• **GIVEN DATA**

== Segment start ==

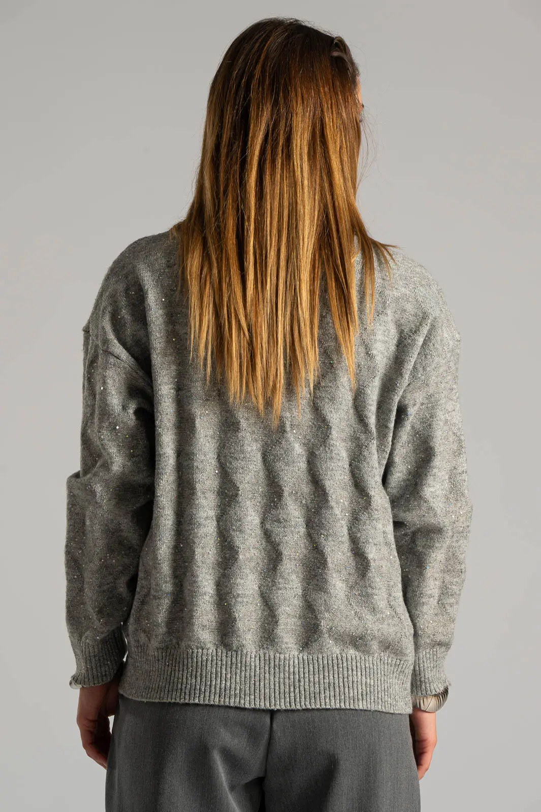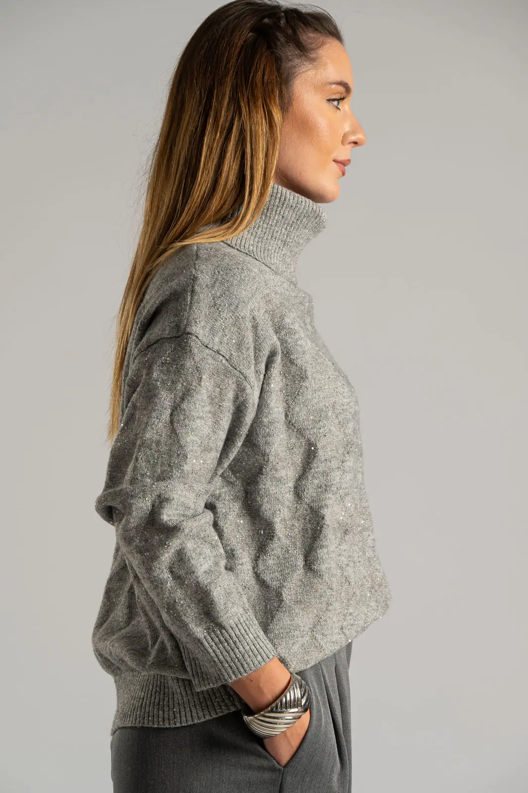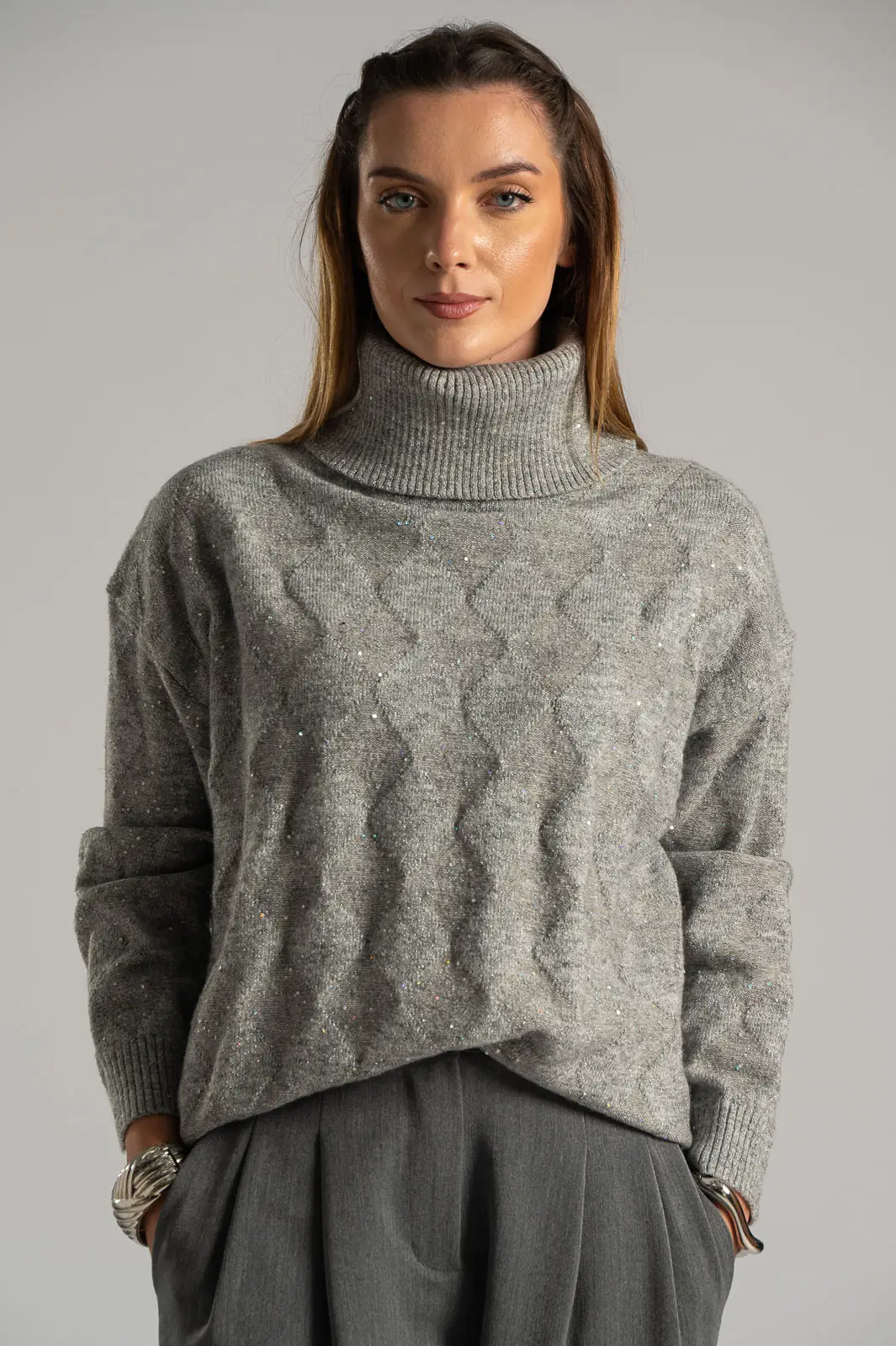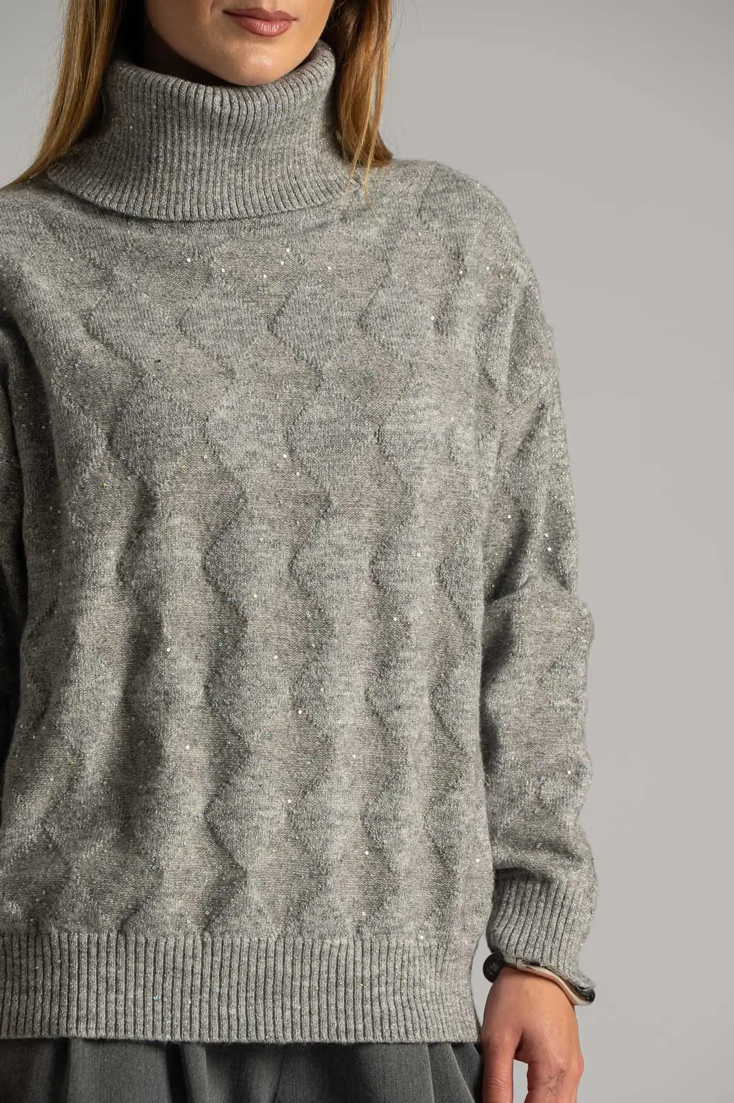 Πουλόβερ με ζιβάγκο λαιμόκοψη. Διαθέτει μακριά μανίκια. Σε όλη την επιφάνεια έχει διακοσμητικές μικρές παγιέτες με ασημοκλωστή. Είναι σε ίσια γραμμή. Οι μετρήσεις του πίνακα είναι αντιπροσωπευτικές για κάθε προϊόν. 30% acrylic, 30% viscose, 20% modal, 20% elastan.
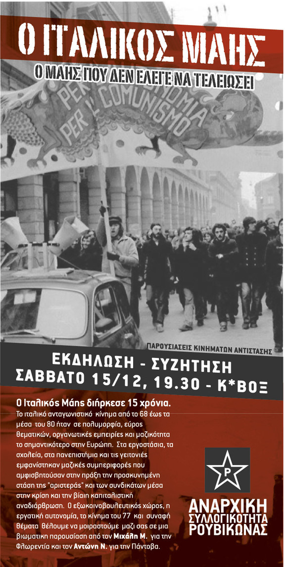 O Ιταλικός Μάης διήρκεσε 15 χρόνια. Το ιταλικό ανταγωνιστικό κίνημα από το 68 έως τα μέσα του 80 ήταν σε πολυμορφία, εύρος θεματικών, οργανωτικές εμπειρίες και μαζικότητα το σημαντικότερο στην Ευρώπη. Στα εργοστάσια, τα σχολεία, στα πανεπιστήμια και τις γειτονιές εμφανίστηκαν μαζικές συμπεριφορές που αμφισβητούσαν στην πράξη την προσκυνημένη στάση της "αριστεράς" και των συνδικάτων μέσα στην κρίση και την βίαιη καπιταλιστική αναδιάρθρωση. Ο εξωκοινοβουλευτικός χώρος, η εργατική αυτονομία, το κίνημα του 77 και συναφή θέματα θέλουμε να μοιραστούμε μαζι σας σε μια βιωματικη παρουσίαση από τον Μιχάλη Μ. για την Φλωρεντία και τον Αντώνη Ν. για την Πάντοβα
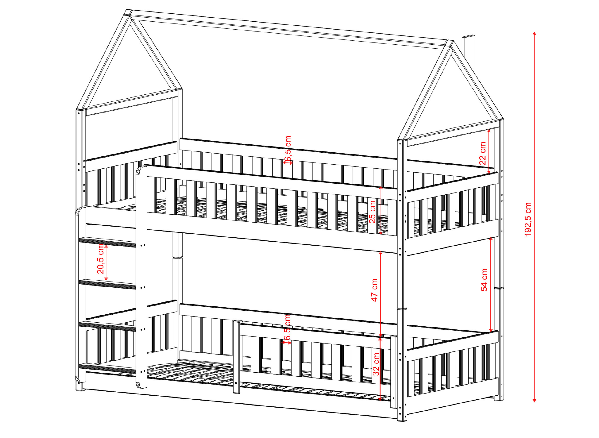 Die unmittelbare Umgebung Ihres Kindes sollte sicher sein, sein Wachstum fördern und ihm ermöglichen, die Welt frei zu erkunden. Das Etagenbett im Häuschen-Stil POLA erfüllt all diese Anforderungen. Es zeichnet sich durch seine auffällige Häuschenform aus, verfügt über angemessene Sicherheitsvorkehrungen, ist aus naturbelassenem Kiefernholz gefertigt und mit zertifiziertem Lack geschützt. Das Etagenbett im Häuschen-Stil POLA ist für Geschwister gedacht, von denen jedes Kind seinen eigenen Schlafplatz haben möchte. Eine unserer Prioritäten bei Lano Meble ist die Sicherheit des Kindes. Das Etagenbett im Häuschen-Stil POLA eignet sich ideal als erstes Bett direkt nach einem üblichen Gitterbett für Babys. Das untere Gestell und die Schlafmatratze befinden sich sehr niedrig und haben direkten Bodenkontakt, was dem Kleinkind das Einsteigen erleichtert und es gleichzeitig vor den Folgen eines Sturzes schützt. Ältere Kinder, selbst die aktiveren, finden ihren sicheren Raum oben, wo das Kinderbett im Häuschen-Stil POLA mit einem holzernen Geländer gesichert ist.
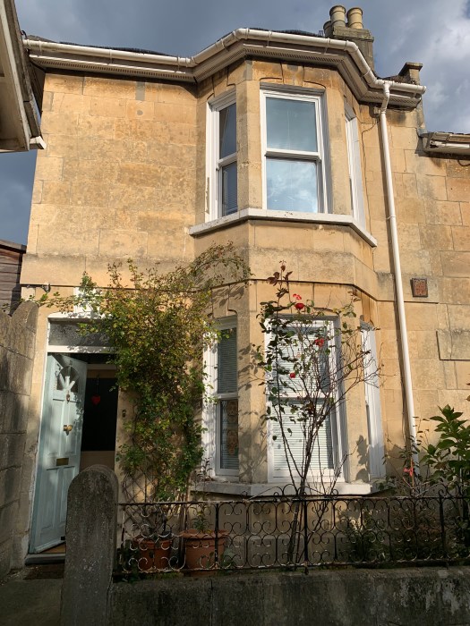 The house has two bedrooms and a bathroom upstairs, and a living room, dining room and kitchen downstairs. The bathroom is stacked on top of the kitchen in a two storey block that juts out characteristically from the main body of the house, as it does in most Victorian homes. Mine is the last house in the terrace and has solid walls, also called ‘traditionally constructed’ walls. This means there is no cavity, but I know that there is a small gap in the walls of the main body of this particular house because when my windows were being changed, I saw that there is an internal skin of engineering brickwork adjacent to an external skin of cut bath stone blocks, or ashlar.
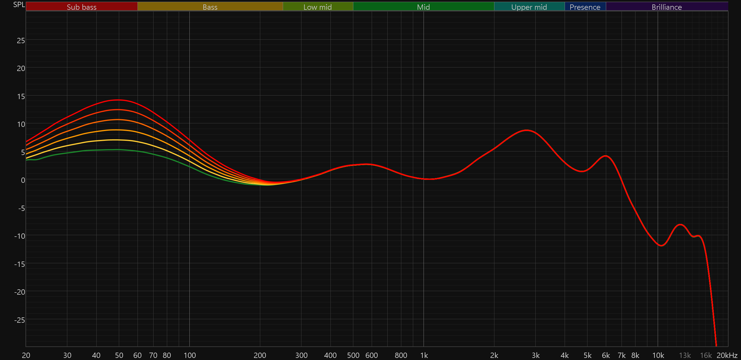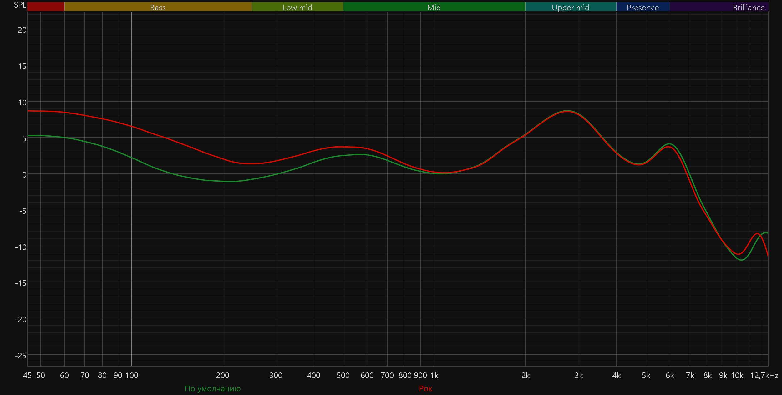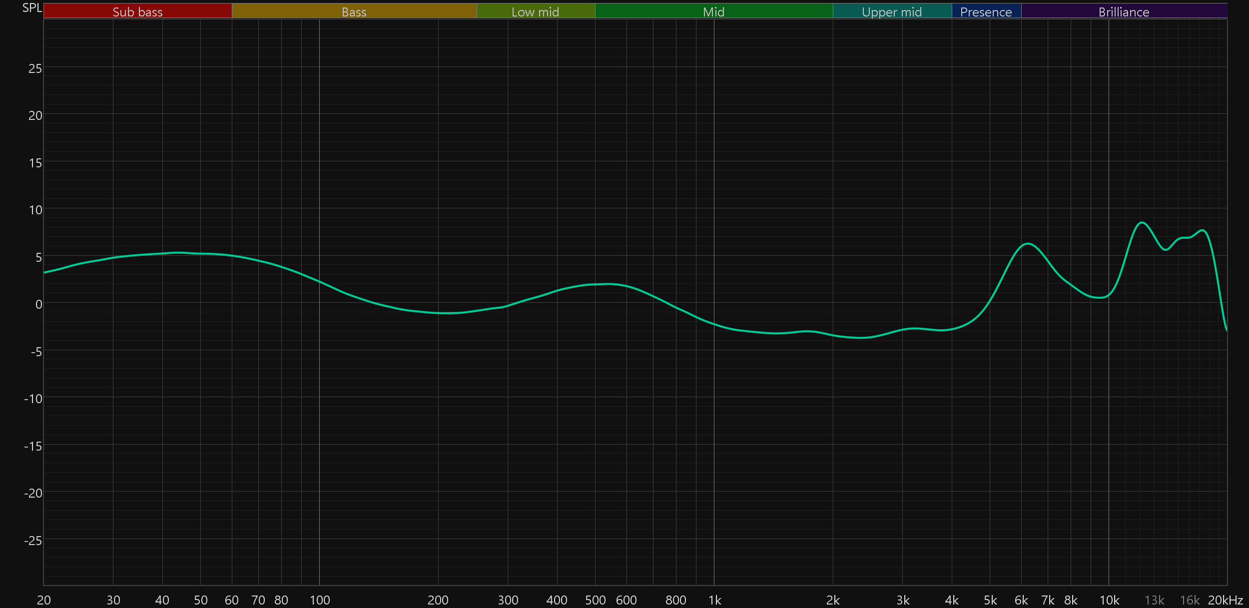 График АЧХ показан на фоне кривой IDF (IEM diffuse field compensation), предоставленной производителем используемого стенда. Ее задача — помочь скомпенсировать резонансные явления в имитированном слуховом канале и особенности оборудования, создав «звуковой профиль», максимально корректно иллюстрирующий то, как звучание наушников воспринимается слушателем. Ее можно рассматривать как адаптированный под конкретное устройство аналог так называемой «кривой Хармана», созданной командой Harman International под руководством доктора Шона Олива.
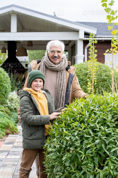 Счастливый внук и дедушка в теплых повседневных одеждах, стоящие у зеленого куста
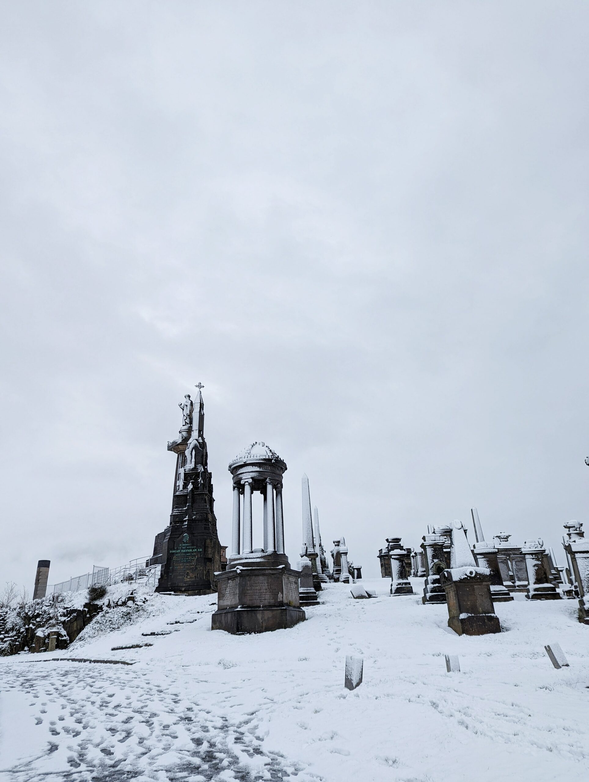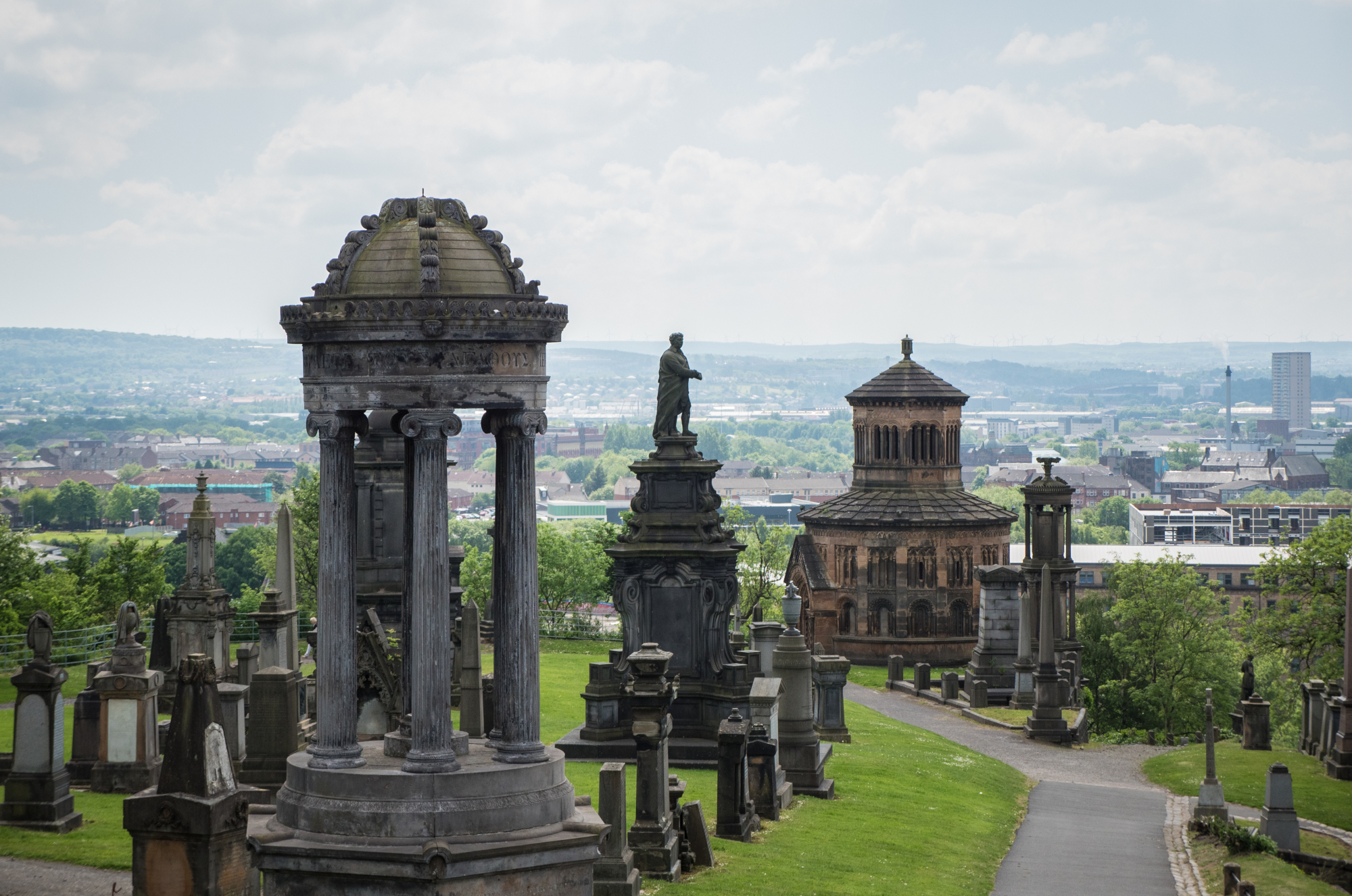 Η βόλτα που κατά την γνώμη πρέπει οπωσδήποτε να κάνει κάποιος, χωρίς να θέλω να τον αναγκάσω να φτύσει τον κόρφο του, είναι στην εμβληματική Necropolis με τους 50.000 μόνιμους «κατοίκους» της. Πρόκειται για ένα από τα σημαντικότερα αξιοθέατα της Γλασκώβης και ενδεχομένως της γηραιάς ηπείρου. Αυτός ο καταπράσινος λόφος με τα διάσπαρτα μνήματα και τις κρύπτες, εκπέμπει μια αλλόκοτη αίγλη, στα πρότυπα του νεκροταφείου-ορόσημου Père Lachaise του Παρισιού. Το ενδιαφέρον του να επισκεφτεί κάποιος τη Νεκρόπολη είναι η λογική του υπαίθριου μουσείου. Η αρχιτεκτονική των μνημάτων και μνημείων, εκτός από το ότι μας ταξιδεύει στην Βικτοριανή Γλασκώβη -τότε που ήταν η δεύτερη σημαντική πόλη της Βρετανική Αυτοκρατορίας- φέρει και τις υπογραφές μεταγενέστερων σπουδαίων για την εποχή τους Γλασκωβέζων αρχιτεκτόνων συμπεριλαμβανομένων των Alexander «Greek» Thomson (του δόθηκε το παρατσούκλι Greek γιατί λάτρευε την αρχαιοελληνική αρχιτεκτονική), Mackintosh και JT Rochead.
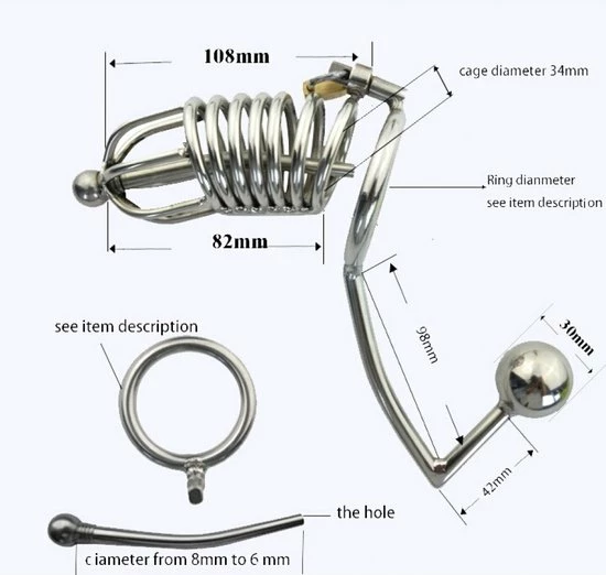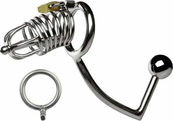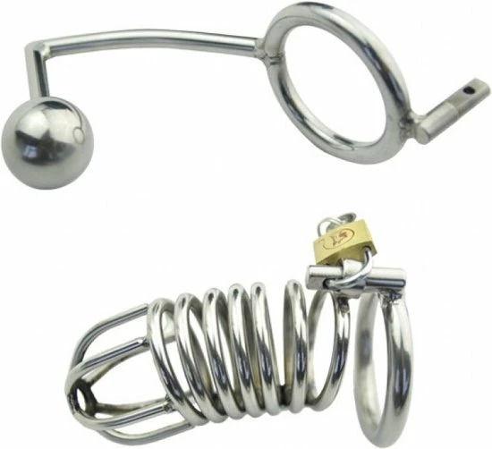 Verneder de onderdanige man en stimuleer tegelijk zijn penis! Dat doe je door een kuisheidskooi te combineren met een dilator, een plug die in de plasbuis wordt ingevoerd, plus is deze peniskooi voorzien van een buttplug kogel.
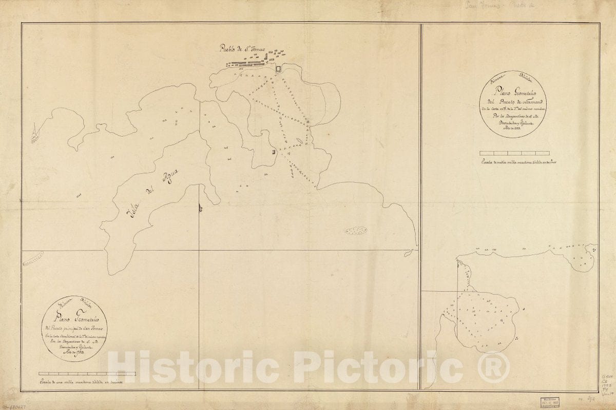 Historic 1793 Map - Plano geométrico del Puerto Principal de San Tomas en la Costa meridional de la ya. del mismo nombre ; Plano geométrico del Puerto de Normand en la Costa N.O. de la ya.

== Segment end ==

• **WHAT YOU ARE ASKED TO DO**
Make an exact copy of the lines above, beginning with the line with "The house has" and ending with the line with "Счастливый внук и", and keep the pictures out of it.

• **TASK RESPONSE**
 The house has two bedrooms and a bathroom upstairs, and a living room, dining room and kitchen downstairs. The bathroom is stacked on top of the kitchen in a two storey block that juts out characteristically from the main body of the house, as it does in most Victorian homes. Mine is the last house in the terrace and has solid walls, also called ‘traditionally constructed’ walls. This means there is no cavity, but I know that there is a small gap in the walls of the main body of this particular house because when my windows were being changed, I saw that there is an internal skin of engineering brickwork adjacent to an external skin of cut bath stone blocks, or ashlar.
 График АЧХ показан на фоне кривой IDF (IEM diffuse field compensation), предоставленной производителем используемого стенда. Ее задача — помочь скомпенсировать резонансные явления в имитированном слуховом канале и особенности оборудования, создав «звуковой профиль», максимально корректно иллюстрирующий то, как звучание наушников воспринимается слушателем. Ее можно рассматривать как адаптированный под конкретное устройство аналог так называемой «кривой Хармана», созданной командой Harman International под руководством доктора Шона Олива.
 Счастливый внук и дедушка в теплых повседневных одеждах, стоящие у зеленого куста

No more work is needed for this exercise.